Using the data below, transcribe exactly everything from the line that contains "最初に保育者が「消防の音を聴" down to the line that contains "and washing machine.". Include both of those lines and none of the pictures.
START DATASET
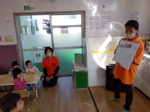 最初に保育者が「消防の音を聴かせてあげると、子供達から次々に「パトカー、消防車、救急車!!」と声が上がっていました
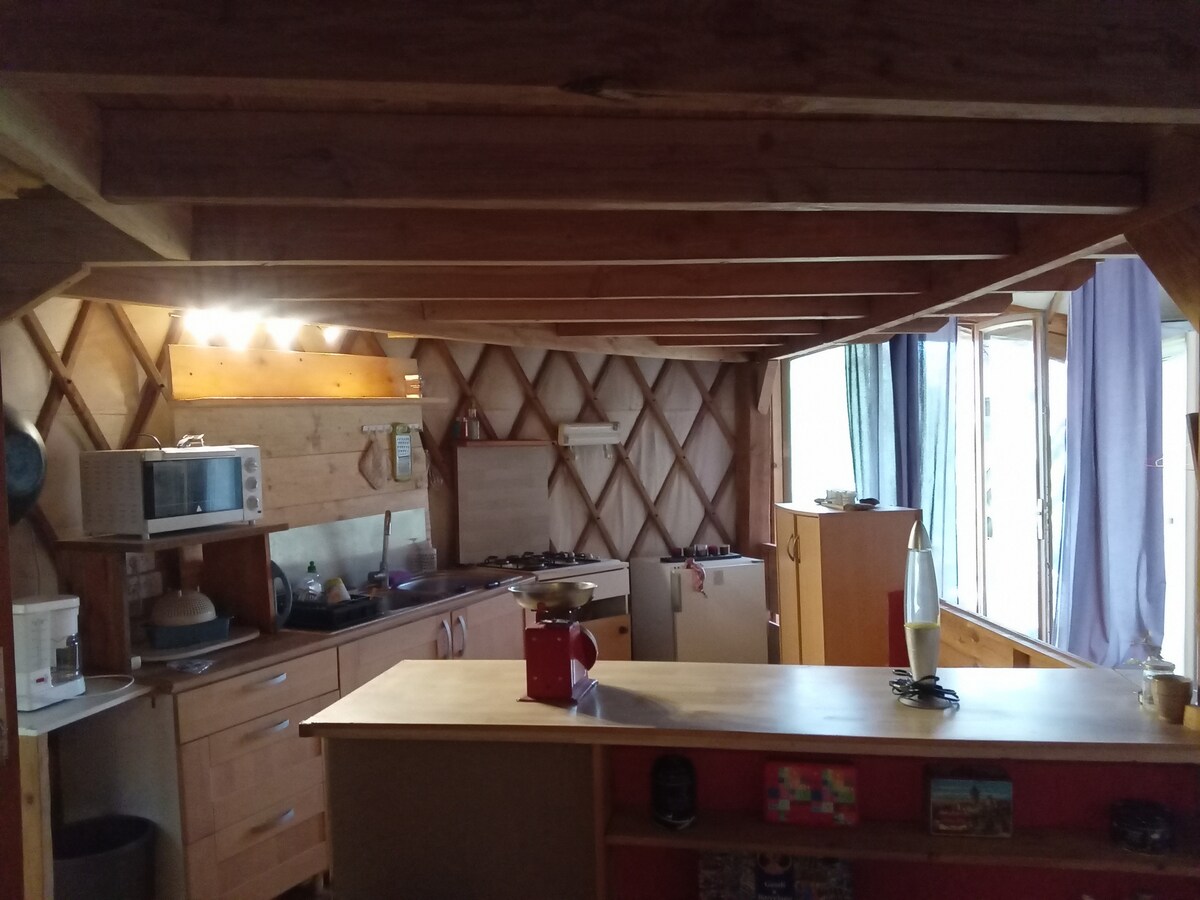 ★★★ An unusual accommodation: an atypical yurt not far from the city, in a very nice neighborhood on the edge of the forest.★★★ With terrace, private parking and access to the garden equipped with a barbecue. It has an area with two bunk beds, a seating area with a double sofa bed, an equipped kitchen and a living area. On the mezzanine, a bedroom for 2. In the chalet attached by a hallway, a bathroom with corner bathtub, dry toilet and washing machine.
END DATASET
START DATASET
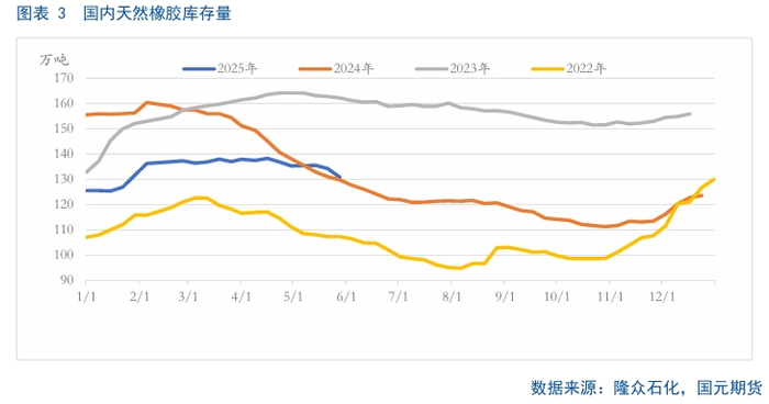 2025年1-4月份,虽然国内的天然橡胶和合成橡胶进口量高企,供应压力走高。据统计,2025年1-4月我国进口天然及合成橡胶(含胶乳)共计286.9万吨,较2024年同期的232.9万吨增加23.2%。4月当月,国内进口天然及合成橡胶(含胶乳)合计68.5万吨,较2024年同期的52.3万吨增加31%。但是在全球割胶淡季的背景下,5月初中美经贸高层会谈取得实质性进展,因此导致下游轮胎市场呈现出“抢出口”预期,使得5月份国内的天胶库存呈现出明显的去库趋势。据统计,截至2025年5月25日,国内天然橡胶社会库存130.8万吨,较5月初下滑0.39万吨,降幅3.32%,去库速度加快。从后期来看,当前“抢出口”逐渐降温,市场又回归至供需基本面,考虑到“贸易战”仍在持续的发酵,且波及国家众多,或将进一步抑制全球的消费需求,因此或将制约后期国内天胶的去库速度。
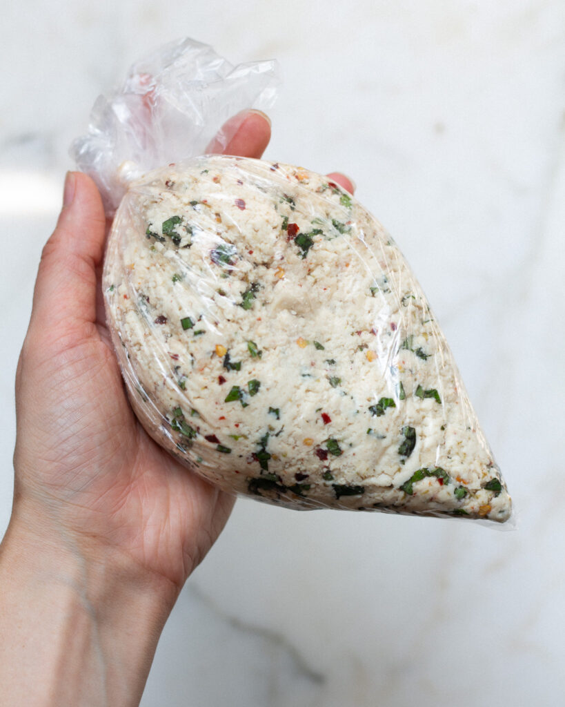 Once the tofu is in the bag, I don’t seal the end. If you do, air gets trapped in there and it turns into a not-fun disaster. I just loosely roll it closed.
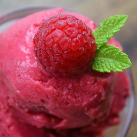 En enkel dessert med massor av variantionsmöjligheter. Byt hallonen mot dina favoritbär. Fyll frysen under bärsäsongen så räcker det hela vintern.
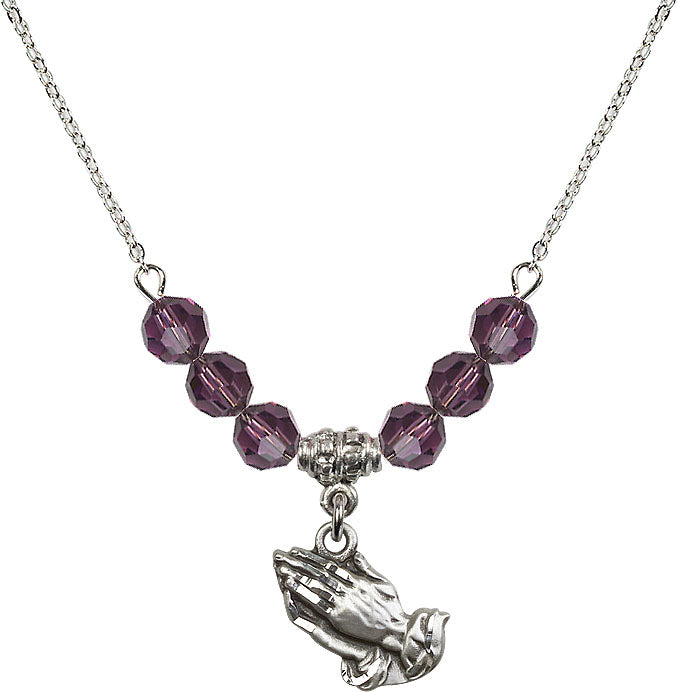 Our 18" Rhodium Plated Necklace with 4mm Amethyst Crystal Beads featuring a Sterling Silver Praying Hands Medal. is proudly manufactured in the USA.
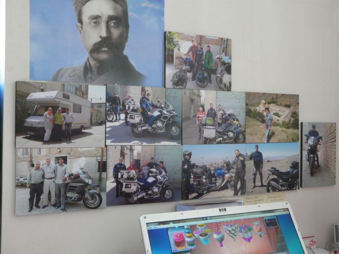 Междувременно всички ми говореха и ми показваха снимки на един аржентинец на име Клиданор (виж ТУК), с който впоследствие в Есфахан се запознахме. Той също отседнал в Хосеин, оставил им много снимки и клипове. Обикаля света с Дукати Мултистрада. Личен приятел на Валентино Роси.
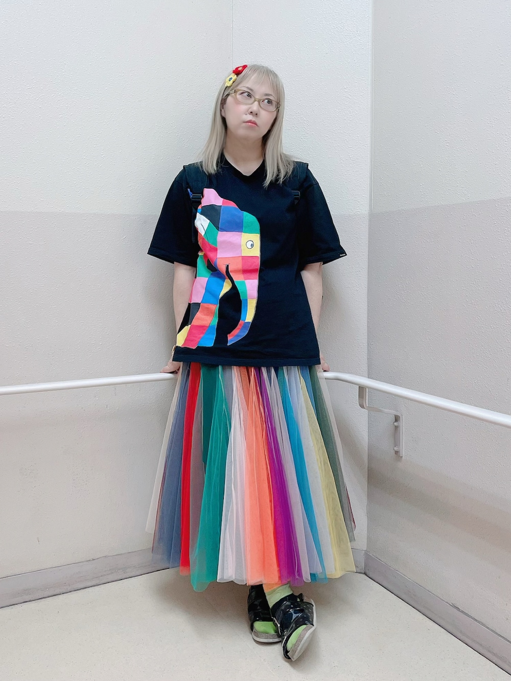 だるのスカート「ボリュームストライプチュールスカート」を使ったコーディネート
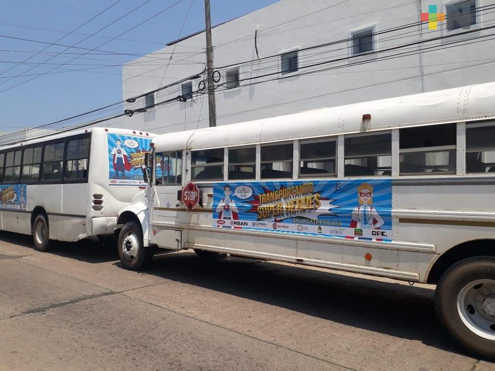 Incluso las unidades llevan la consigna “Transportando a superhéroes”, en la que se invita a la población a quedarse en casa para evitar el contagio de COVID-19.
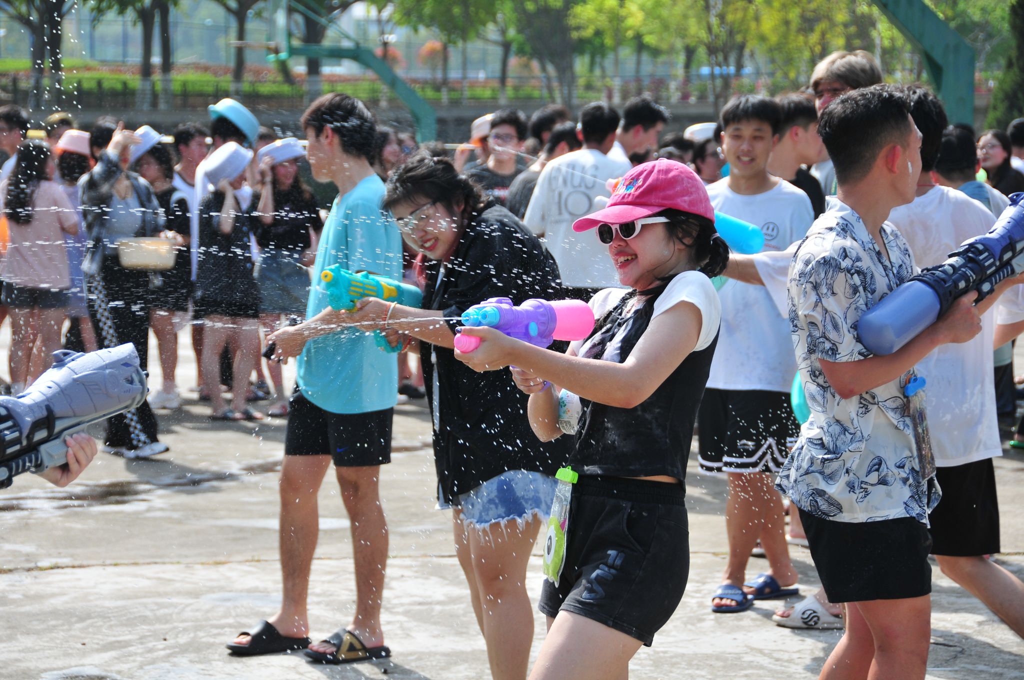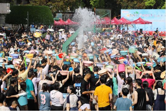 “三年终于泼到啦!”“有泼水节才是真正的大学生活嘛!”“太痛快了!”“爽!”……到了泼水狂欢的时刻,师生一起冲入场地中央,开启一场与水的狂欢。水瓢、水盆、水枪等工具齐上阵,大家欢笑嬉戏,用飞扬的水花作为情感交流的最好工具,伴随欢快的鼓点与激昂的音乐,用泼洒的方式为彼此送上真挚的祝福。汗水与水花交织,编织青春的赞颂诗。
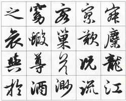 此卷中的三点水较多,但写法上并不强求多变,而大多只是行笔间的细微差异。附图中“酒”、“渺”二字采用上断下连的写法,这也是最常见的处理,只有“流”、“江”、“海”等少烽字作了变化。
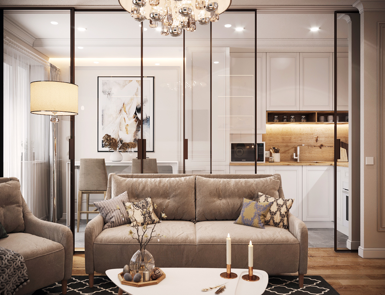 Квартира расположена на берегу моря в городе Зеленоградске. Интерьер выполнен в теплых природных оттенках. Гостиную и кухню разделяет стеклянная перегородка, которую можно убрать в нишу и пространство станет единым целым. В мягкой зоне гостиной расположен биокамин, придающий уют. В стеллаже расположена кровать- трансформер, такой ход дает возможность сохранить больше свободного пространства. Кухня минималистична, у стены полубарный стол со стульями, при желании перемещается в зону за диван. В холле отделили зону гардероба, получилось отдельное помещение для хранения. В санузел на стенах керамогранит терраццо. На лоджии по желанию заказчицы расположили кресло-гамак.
END DATASET
START DATASET
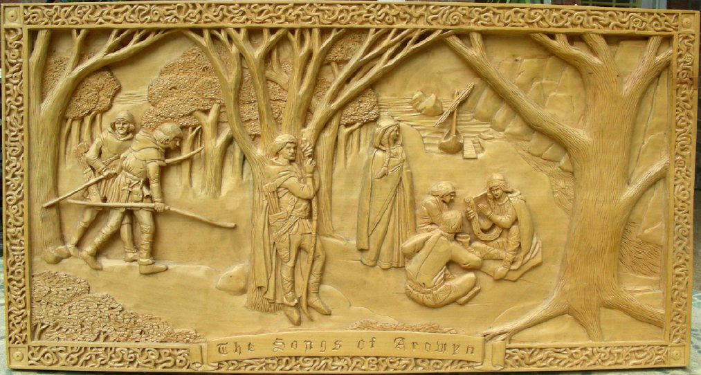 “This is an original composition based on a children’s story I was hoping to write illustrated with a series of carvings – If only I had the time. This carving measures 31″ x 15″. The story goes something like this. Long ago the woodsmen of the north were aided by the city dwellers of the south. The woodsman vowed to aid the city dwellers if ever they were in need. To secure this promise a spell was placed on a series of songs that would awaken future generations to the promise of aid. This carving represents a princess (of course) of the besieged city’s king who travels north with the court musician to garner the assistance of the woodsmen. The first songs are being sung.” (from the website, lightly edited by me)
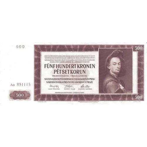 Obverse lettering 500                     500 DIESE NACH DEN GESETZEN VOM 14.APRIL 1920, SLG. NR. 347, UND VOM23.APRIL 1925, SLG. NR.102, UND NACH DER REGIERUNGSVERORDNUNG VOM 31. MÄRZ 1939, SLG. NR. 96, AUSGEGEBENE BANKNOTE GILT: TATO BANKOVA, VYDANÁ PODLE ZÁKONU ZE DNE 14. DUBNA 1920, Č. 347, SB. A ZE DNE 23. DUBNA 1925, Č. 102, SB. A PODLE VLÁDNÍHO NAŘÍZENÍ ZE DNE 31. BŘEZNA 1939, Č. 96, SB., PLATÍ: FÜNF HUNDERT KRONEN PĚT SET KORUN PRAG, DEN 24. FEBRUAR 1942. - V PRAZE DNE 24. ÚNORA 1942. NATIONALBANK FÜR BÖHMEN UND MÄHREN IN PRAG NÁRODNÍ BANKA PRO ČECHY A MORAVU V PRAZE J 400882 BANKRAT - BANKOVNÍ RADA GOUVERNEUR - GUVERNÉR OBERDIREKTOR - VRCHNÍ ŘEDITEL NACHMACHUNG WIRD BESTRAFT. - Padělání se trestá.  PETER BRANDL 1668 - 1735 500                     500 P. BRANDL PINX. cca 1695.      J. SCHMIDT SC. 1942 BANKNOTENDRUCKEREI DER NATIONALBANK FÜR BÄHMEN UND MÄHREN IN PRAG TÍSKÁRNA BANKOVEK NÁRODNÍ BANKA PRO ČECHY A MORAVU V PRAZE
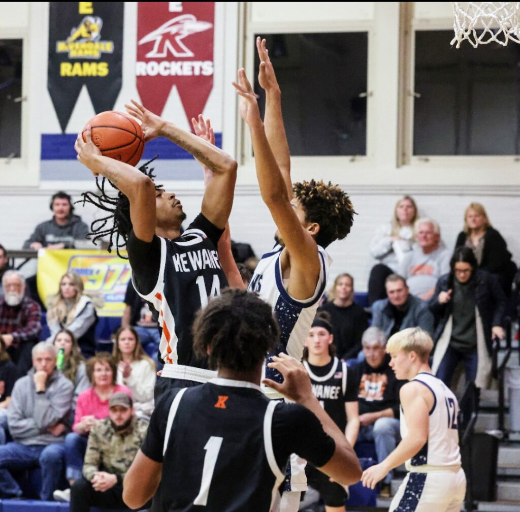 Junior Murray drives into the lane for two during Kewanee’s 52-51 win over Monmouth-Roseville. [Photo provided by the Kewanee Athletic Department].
END DATASET
**ANSWER TO THIS PROBLEM**
 最初に保育者が「消防の音を聴かせてあげると、子供達から次々に「パトカー、消防車、救急車!!」と声が上がっていました
 ★★★ An unusual accommodation: an atypical yurt not far from the city, in a very nice neighborhood on the edge of the forest.★★★ With terrace, private parking and access to the garden equipped with a barbecue. It has an area with two bunk beds, a seating area with a double sofa bed, an equipped kitchen and a living area. On the mezzanine, a bedroom for 2. In the chalet attached by a hallway, a bathroom with corner bathtub, dry toilet and washing machine.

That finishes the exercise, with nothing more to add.